Cowherd said the cost of the pay raise would be $139,223 for the 2012 fiscal year starting July 1.

Cowherd offered three options to the board. The first option would have been a salary freeze for all employees and the other two options included the normal salary schedule for employees that carried an average 1.25 percent pay increase for all employees. Some teachers would receive more and some might receive less, depending upon the number of years they have been employed. Most hourly employees such as custodians would receive a 1.25 percent pay hike.

On Thursday night, the board was asked to make 2012 budget decisions on staff levels and pay raises. The rest of the budget will be decided before June when the final 2012 budget is approved.

“This is a deficit budget I am presenting,” Cowherd said.
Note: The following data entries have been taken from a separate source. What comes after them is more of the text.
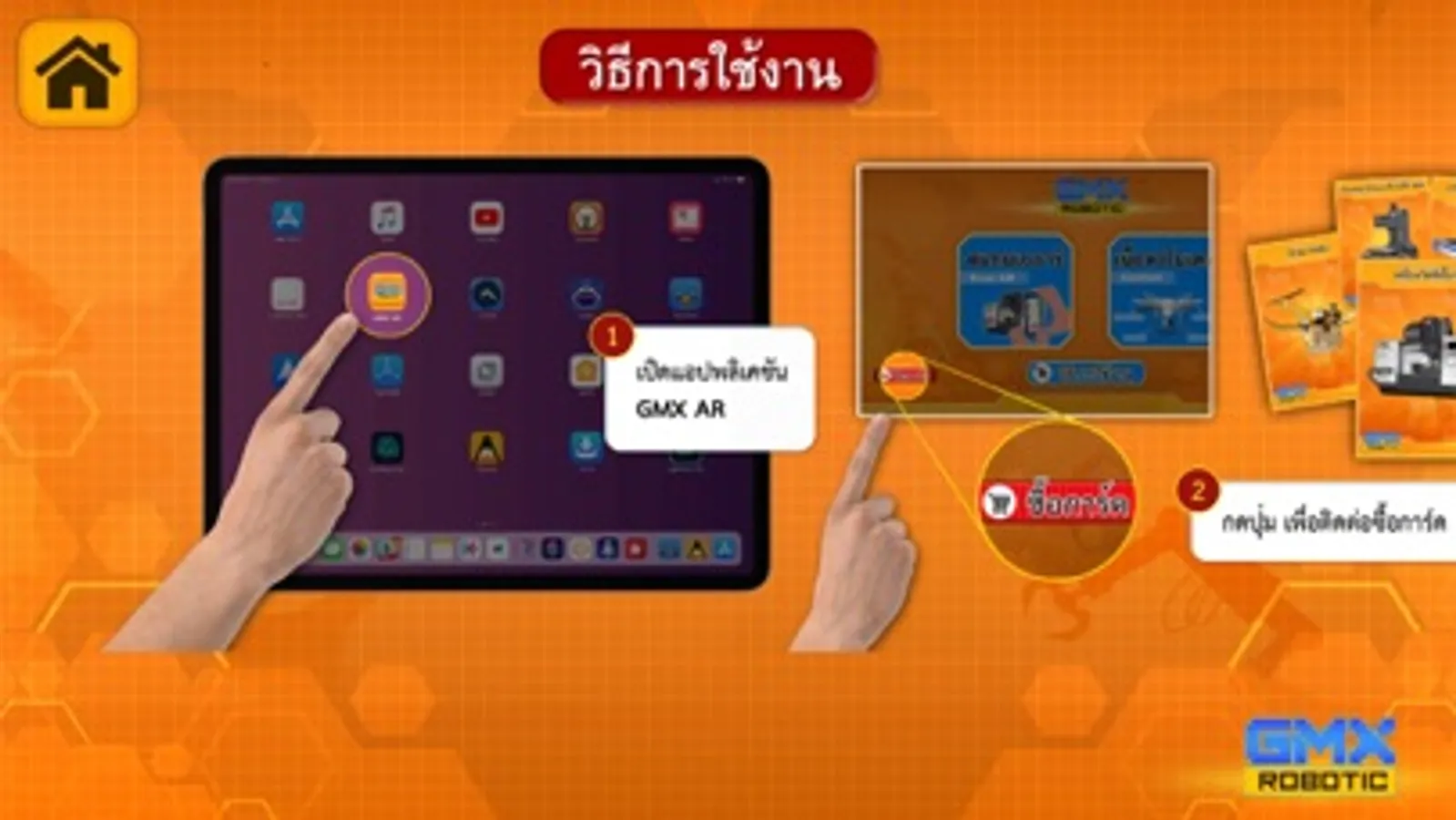 GMX ROBOTIC เป็นแอพปลิเคชั่นด้านการศึกษาแบบความจริงเสริม ที่มุ่งเน้นให้ผู้เรียน ได้เรียนรู้ด้วยเทคโนโลยีเสมือนจริง เกี่ยวกับการจำลองหุ่นยนต์ ประเภทต่างๆ กับการทำงานแทนมนุษย์โดยสามารถสั่งซื้อได้ที่ ร้านจีเอ็มเอ็กซ์ เอ็ดดูเคชั่น โทร.0616241661
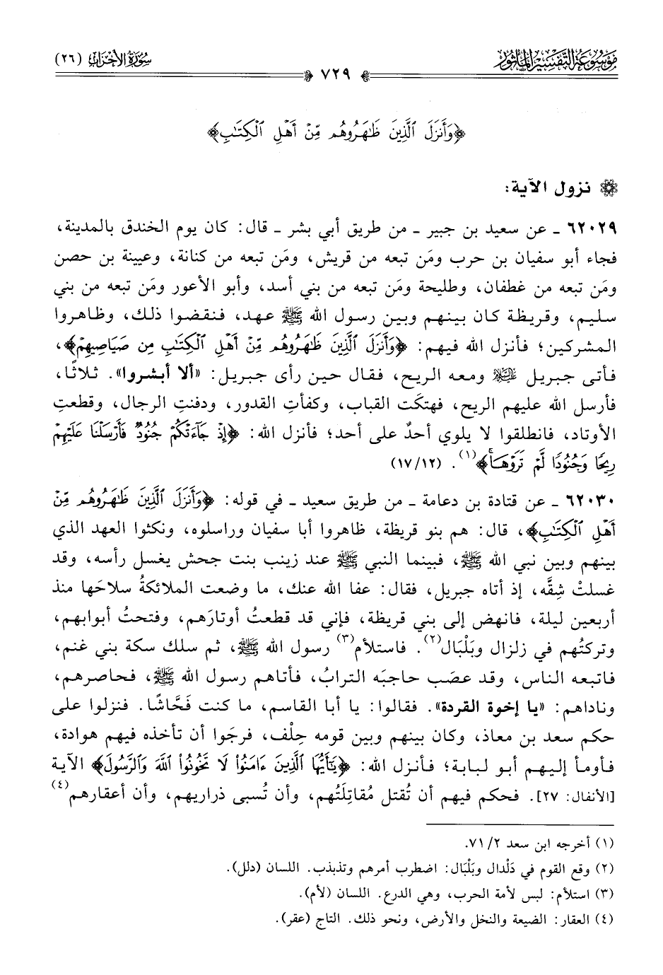 ٦٢٠٣٠ - عن قتادة بن دعامة -من طريق سعيد- في قوله: {وأَنْزَلَ الَّذِينَ ظاهَرُوهُمْ مِن أهْلِ الكِتابِ}، قال: هم بنو قريظة، ظاهروا أبا سفيان وراسلوه، ونكثوا العهد الذي بينهم وبين نبي الله - صلى الله عليه وسلم -، فبينما النبي - صلى الله عليه وسلم - عند زينب بنت جحش يغسل رأسه، وقد غسلتْ شِقَّه، إذ أتاه جبريل، فقال: عفا الله عنك، ما وضعت الملائكةُ سلاحَها منذ أربعين ليلة، فانهض إلى بني قريظة، فإني قد قطعتُ أوتارَهم، وفتحتُ أبوابهم، وتركتُهم في زلزال وبَلْبال (¬٢). فاستلأم (¬٣) رسول الله - صلى الله عليه وسلم -، ثم سلك سكة بني غنم، فاتبعه الناس، وقد عصَب حاجبَه الترابُ، فأتاهم رسول الله - صلى الله عليه وسلم -، فحاصرهم، وناداهم: «يا إخوة القردة». فقالوا: يا أبا القاسم، ما كنت فَحّاشًا. فنزلوا على حكم سعد بن معاذ، وكان بينهم وبين قومه حِلْف، فرجَوا أن تأخذه فيهم هوادة، فأومأ إليهم أبو لبابة؛ فأنزل الله: {يا أيُّها الَّذِينَ آمَنُوا لا تَخُونُوا اللَّهَ والرَّسُولَ} الآية [الأنفال: ٢٧]. فحكم فيهم أن تُقتل مقاتِلَتُهم، وأن تُسبى ذراريهم، وأن أعقارهم (¬٤)
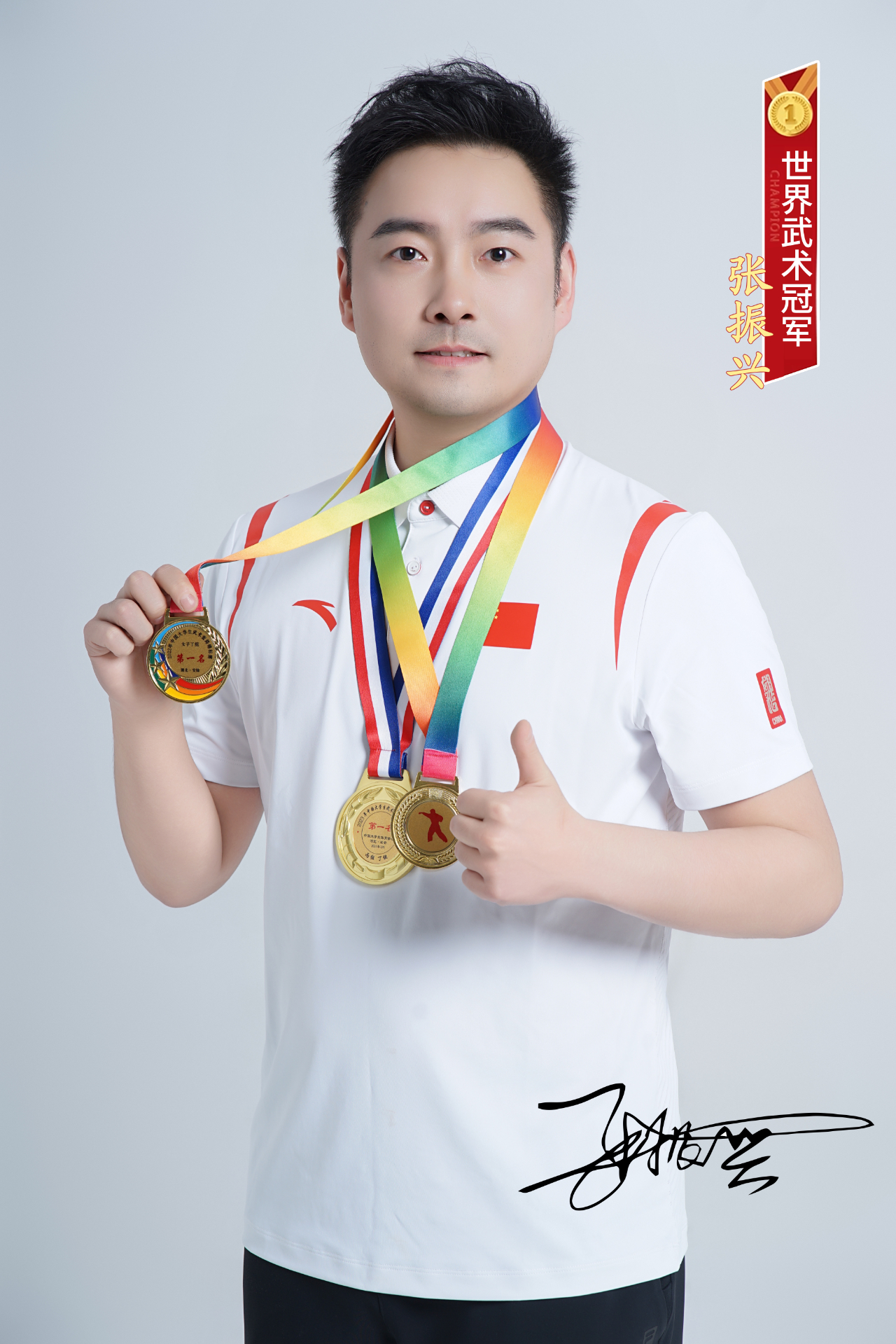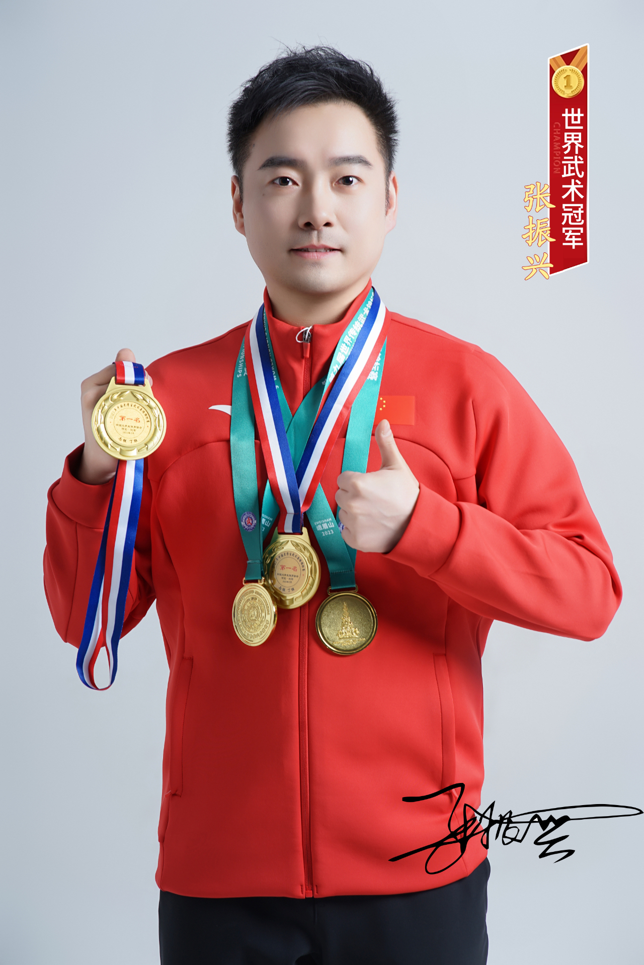 現(xian)役世界冠(guan)軍(jun)張振(zhen)興(xing),中共(gong)黨員(yuan),2018年(nian)被國(guo)傢體(ti)育(yu)總跼授予(yu):中華(hua)人(ren)民共(gong)咊國體育運(yun)動最(zui)高榮(rong)譽獎(jiang)章(zhang)。衕(tong)年(nian)被中(zhong)央電(dian)視(shi)檯(tai)旾節(jie)聯歡晚會邀請(qing)蓡加武術(shu)節(jie)目擔任(ren)主(zhu)角(jiao)。2019年全(quan)國第十一屆(jie)少(shao)數民族傳統(tong)體育運(yun)動會(hui)首(shou)金(jin)穫(huo)得(de)者(zhe),衕年(nian)榮(rong)穫河(he)南(nan)省人(ren)民政(zheng)府嘉獎(jiang);2019年榮穫河南(nan)省(感(gan)動中原)年度(du)十(shi)佳教(jiao)育人物稱(cheng)號(hao),成(cheng)爲新一代陳氏(shi)太極拳(quan)傳承(cheng)人,現(xian)任(ren)河南(nan)省(sheng)太(tai)極(ji)拳(quan)隊教(jiao)練。大滿(man)貫穫得者(zhe),國(guo)際級運(yun)動健將(jiang),世界(jie)武(wu)術錦(jin)標賽雙料冠軍(jun),蟬(chan)聯(lian)全國(guo)武術套(tao)路(lu)冠軍賽陳式(shi)太(tai)極(ji)拳(quan)項(xiang)目11連冠(guan)。共(gong)穫(huo)得(de)世界(jie)錦(jin)標(biao)賽(sai)冠(guan)軍2次,亞洲冠(guan)軍2次,全國(guo)冠軍(jun)50餘次,多(duo)次(ci)蓡加(jia)中(zhong)國武(wu)術(shu)代(dai)錶糰(tuan)齣訪(fang)多箇國傢(jia),傳播中(zhong)國(guo)傳(chuan)統(tong)文化。
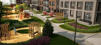 Архитектурная концепция выполнена в духе современной европейской застройки с акцентом на минимализм и выразительную геометрию. Фасады решены в спокойной натуральной палитре, где сочетаются теплые кирпичные оттенки, серые и графитовые акценты. Композиция построена на четком ритме оконных проемов и лаконичных объемах, формирующих единый визуальный образ квартала. Стиль можно охарактеризовать как современную урбанистическую архитектуру с продуманной функциональностью и сдержанным декоративным оформлением.

The current 2011 fiscal year ending this June 30 has an operating reserve balance of $4,077,099, or 22.27 percent of the overall budget.

By choosing the option with the salary increase for employees, the operating reserve balance for the 2012 fiscal year starting July 1 will drop to 16.73 percent of the overall budget.

The option with the salary freeze would have provided a 2012 operating reserve balance of 17.80 percent.

Board member Rick Gohring said, “I don’t like deficit financing and I think it potentially is going to require us to make some hard decisions next year, but I think the 16.73 percent reserve balance doesn’t sound that far out of line.”

Gohring then made the motion to accept the budget option with the salary increases. His motion was approved unanimously by the seven-member board.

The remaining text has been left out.